Lebih ironisnya lagi, tahap pengolahan limbah yang sudah menjadi tanggungjawab pihak industri, masih dirasakan sebagai biaya beban bagi proses industrinya.   Sesungguhnya, apabila pengalokasian air  sungai Kapuas sebagai bagian dari manajemen air yang dilakukan secara terintegrasi oleh beberapa  pelaku industri, dengan menggunakan ’Zoned Optimization Methods’, maka pengurangan beban biaya pengolahan pencemaran menjadi lebih ringan, dan dapat dilakukan dengan sendirinya.

  • Pengelolaan limbah industri saat ini, tidak semata-mata bertumpu pada pendekatan perintah dan larangan, maupun tata nilai sosial yang bersifat sukarela, tetapi juga harus bertumpu pada pendekatan manajemen ekonomi melalui penerapan ’discharge fee’, sebagai instrumen pengatur strategis dalam pengelolaan limbah industri, sehingga memberikan hasil yang efektif dalam usaha memperbaiki kualitas air sungai Kapuas.

 

Apalagi, kiranya hanya moral dan tanggungjawab terhadap publik-lah yang  yang akan menjadi muara akhir  terhadap apa yang telah terjadi saat ini.   Ketika sungai terakhir telah kering,dan ikan satu-satupun telah mati Kiranya baru tersadar, bahwa manusia tidak bisa memakan uang

 

Sumber :

Sunaryo, T.M.  1997.  Instrumen ekonomi Sebagai Pengatur Strategi Dalam Pengelolaan Limbah Industri.  Alami Vol. 2 Nomor 2 Tahun 1997. Jurnal Air, Lahan, Lingkungan Dan Mitigasi Bencana.  BPP Teknologi. Jakarta.

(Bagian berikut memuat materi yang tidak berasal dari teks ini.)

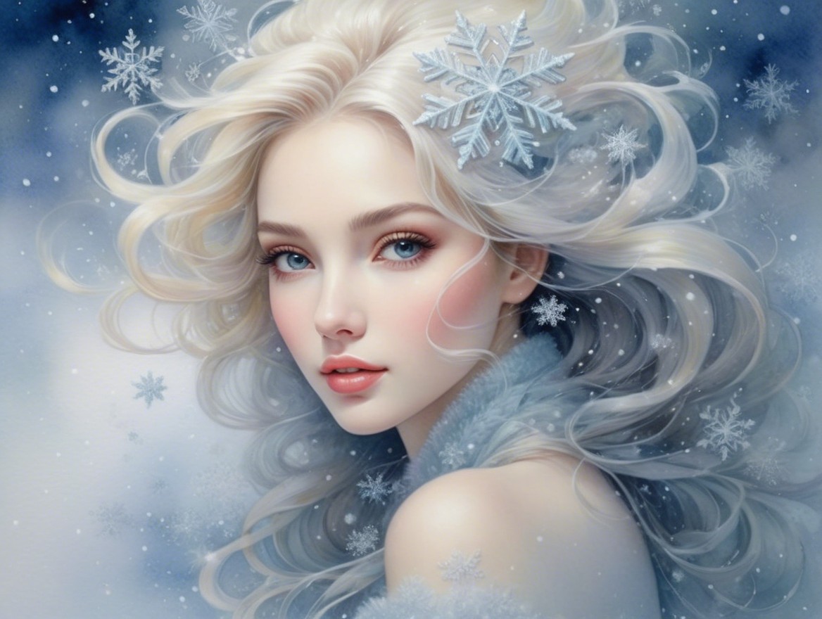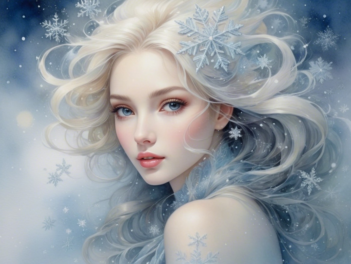 A beautiful, ethereal woman with flowing silver-blonde hair adorned with snowflakes, gazes softly. A wintery background with gentle snow adds to the enchanting atmosphere.
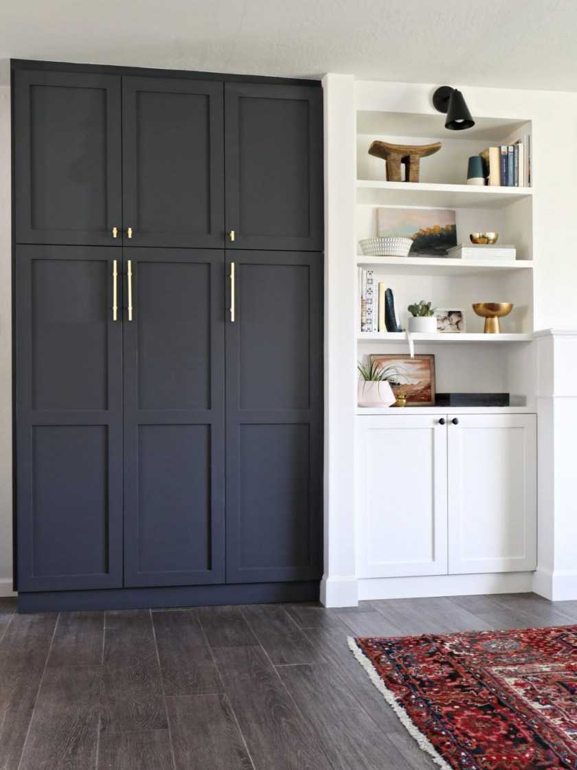 Преимущество закрытых книжных шкафов с глухими дверцами – возможность быстро прибраться, скрыть беспорядок и не заморачиваться с декором.

Adiyani, S.  1997.   Manajemen Limbah Cair Industri Sebagai Salah Satu Aspek Manajemen  Kualitas Air.   Alami Vol. 2 Nomor 2 Tahun 1997. Jurnal Air, Lahan, Lingkungan Dan Mitigasi Bencana.  BPP Teknologi. Jakarta.

Rich, L.G.  1973.  Environmental Systems Engineering.  McGraw Hill Kogakusha, Ltd. Tokyo, pp. 254-278.